By Manda Aufochs Gillespie
I first started taking my children to Guatemala when they were just one and five. It was an idea born on Cortes where two of my friends announced they were going to spend three or four months with their adopted son, so he'd have a chance to get better acquainted with this part of his heritage. Two of the first friends I met after moving to Canada had themselves just moved there to start a Children's Village and I was excited to visit them. So, suddenly, I was moving to Guatemala for fourth months without my husband and without knowing enough Spanish to do more than order “Uno taco por favor.”

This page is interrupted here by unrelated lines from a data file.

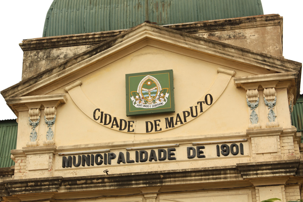 Central Municipal Market of Maputo, Mozambique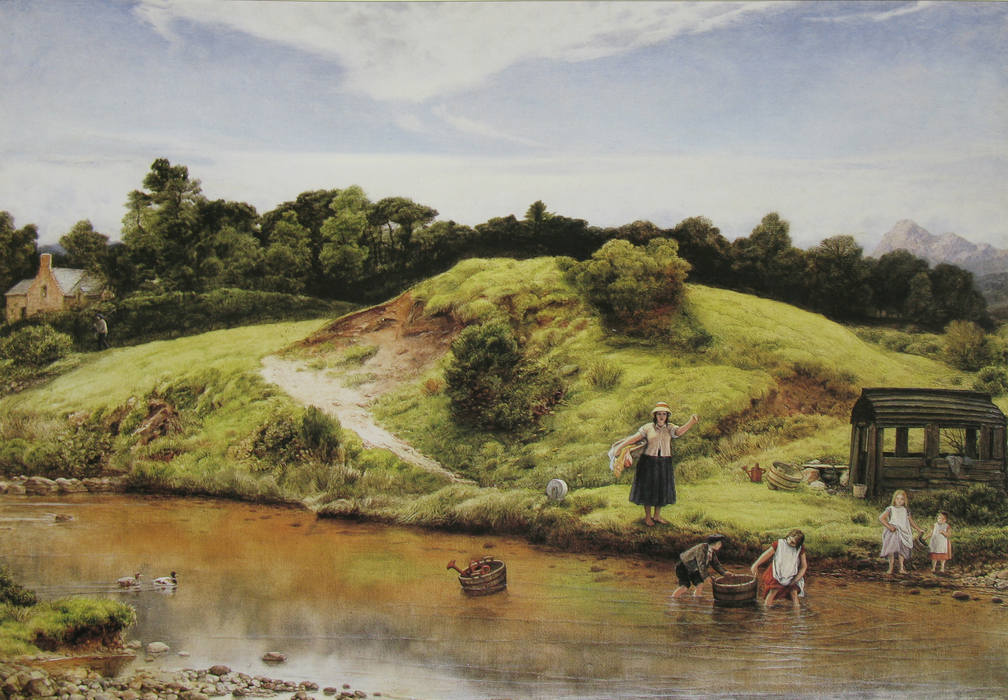 A Scene in Arran; Oil on board, 35.3 x 50.5 cm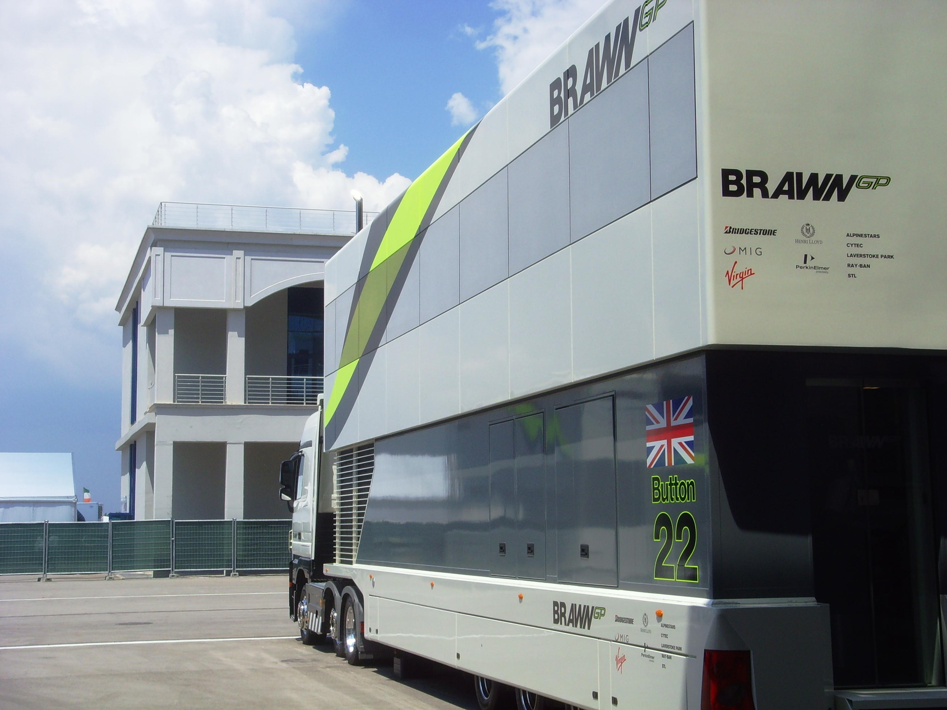 One of the Brawn GP trucks on Istanbul Park's paddock during 2009 Turkish Grand Prix weekend.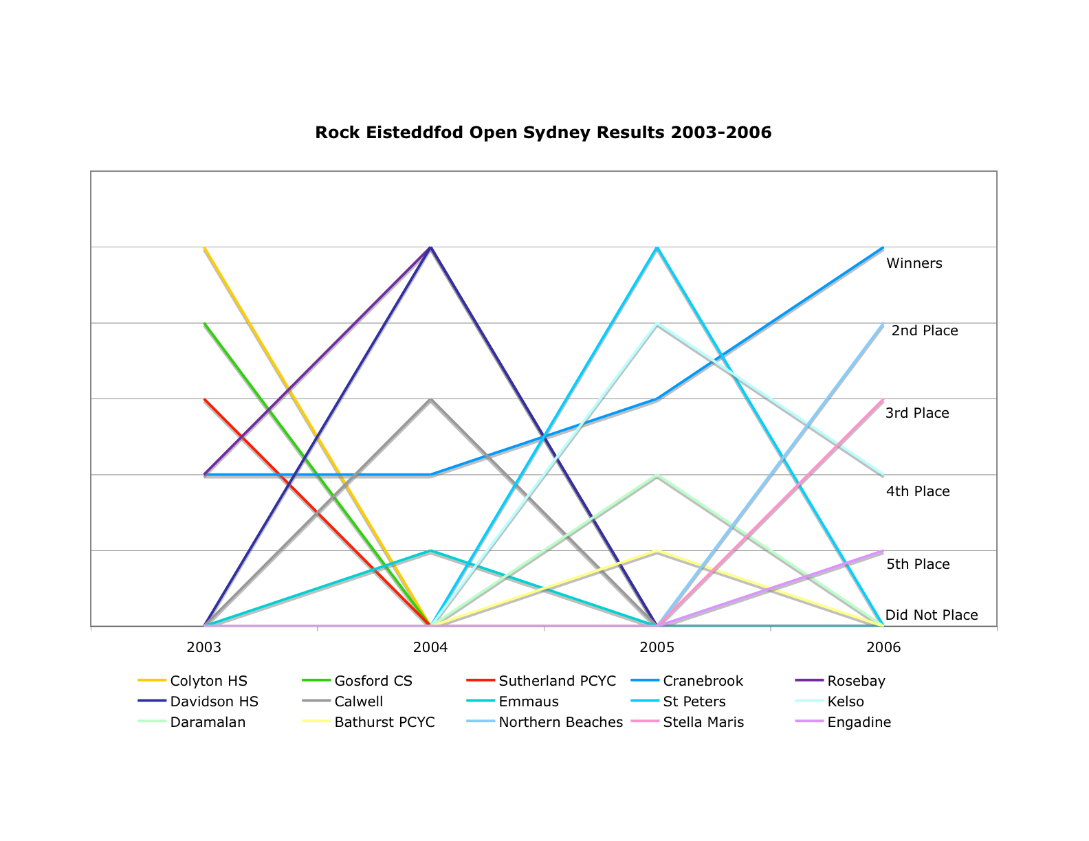 Rock Eisteddfod Open Division results 2003-2006.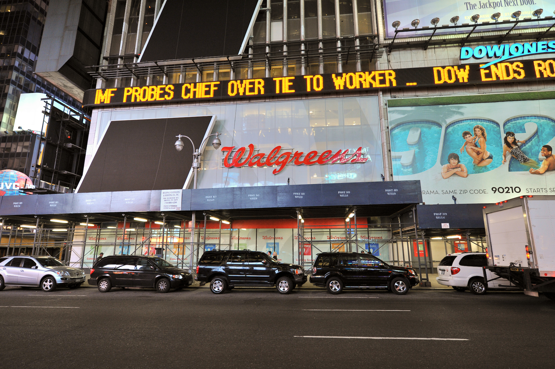 Walgreens pharmacy location under construction in New York City

Heather Knox and Greg Kemp
By the time we arrived at our friends Children Village, less than a year after they had uprooted themselves from their basement apartment in Vancouver where she'd worked for the Folk Festival and he had worked construction, the Children's Village already had two homes, organic gardens, and a wood fired pizza oven. The project innovated a type of earth-bag construction nearly earthquake proof, something extremely important in Guatemala where small earthquakes routinely causes the cinder block houses to shake apartment onto inhabitants. They also had begun using other innovative techniques: plastic bottle walls (a cheap building material that also helps deal with the overwhelming plastic garbage problem), solar panels, rain catchment, permaculture techniques, food trees, micro enterprise development, and provided therapy, health and dental support, food, skill training, and education for the children and mothers they helped over the years. It was nearly unbelievable how much they had accomplish in such a short time. But that's the thing about Heather and Greg , they were used to working hard and they believe in the power of “leveraging their Canadian privilege.”
Somos Children's Village
Over the years they've continued to build and expand the project and have helped dozens of women and their children get back on their feet through providing housing, training, therapy, food, and education. They've invested in the local school and community and through their location have created the only public lending library, investing in computers, farm-to-table growing and cooking programs, the only playground, work opportunities, and more. These programs have been supported by the13 buildings they built — all run off solar, which they also built — and an organic farm — which they also built from the soil up — and has hosted 500 volunteers. When COVID hit they were providing food and educational support or primary education to 55 kids daily and had long term volunteers there from five countries and a volunteer group of a singer song writer and her fans on their way.
How Privileged We Are
It's easy to forget just how privileged we are in North America. Even those who aren't born wealthy or don't live in the upper middle class, have so very much privilege. Visiting Guatemala helped me to feel that for myself and for my children to begin to understand it. After our first stay there, we came home to a new rental apartment. My children ran from tap to tap exclaiming: “we can drink it?” Clean water on demand: what a miracle and how easy we forget its value when we live in North America and can take it for granted.
Guatemala
Guatemala is the second poorest country in the Western Hemisphere and one where 15 million people, 7 million are undernourished and many are malnourished. In 2011, the average person only had 4.1 years of schooling, 25.5% of the population are illiterate, with illiteracy rates up to more than 60% in the indigenous population, which constitutes 51% of the entire population. It's a stark country with all that poverty and deprivation set amidst the kind of beauty that those in BC are quite familiar with their 37 volcanoes, three still active; gorgeous — and extremely deep — lakes; ocean front; jungle; Mayan ruins; and historic cities like Antiqua.
Visiting Guatemala
In the years that I was visiting Guatemala, I made a few close friends including a woman that lived with me for many months over the years. Veronica nor anyone in her family ever had a bank account, most of her seven siblings still lived in the family house, even the ones with kids, and she shared a bedroom (with only two beds) with her mother and two, sometimes three, sisters. And they were doing well relative to most. The stories from Project Somos of the women and children that they helped over the years are brutal: a woman and her children living in a dog kennel, eight year old children working in button factories, young girls never allowed to go to school at all. Most have never seen a book, none had ever seen kale, and certainly they never knew the experience of toys and a playground and the love and kindness of a preschool teacher. Yet,
With the advent of COVID-19, I've been worried about my friends in Guatemala and all those that rely on Project Somos. Guatemala has been on complete lock-down and in a country where so many people already live in poverty and malnourished, they are now facing a famine that will almost certainly kill far more than the disease itself.
Project Somos has managed to support over 500 families during the pandemic. They've managed to survive these desperate times, in part, because they have always relied on Canadians and Americans like them: people who've understood that though they may not have a lot, that small donations to projects like Project Somos (projects with virtually no overhead) can go a long way. With all of their usual fundraising efforts, all their travel, and all their voluntourism projects canceled, there is still a lot of need. And every day more people come to them as the last hope between them and starvation.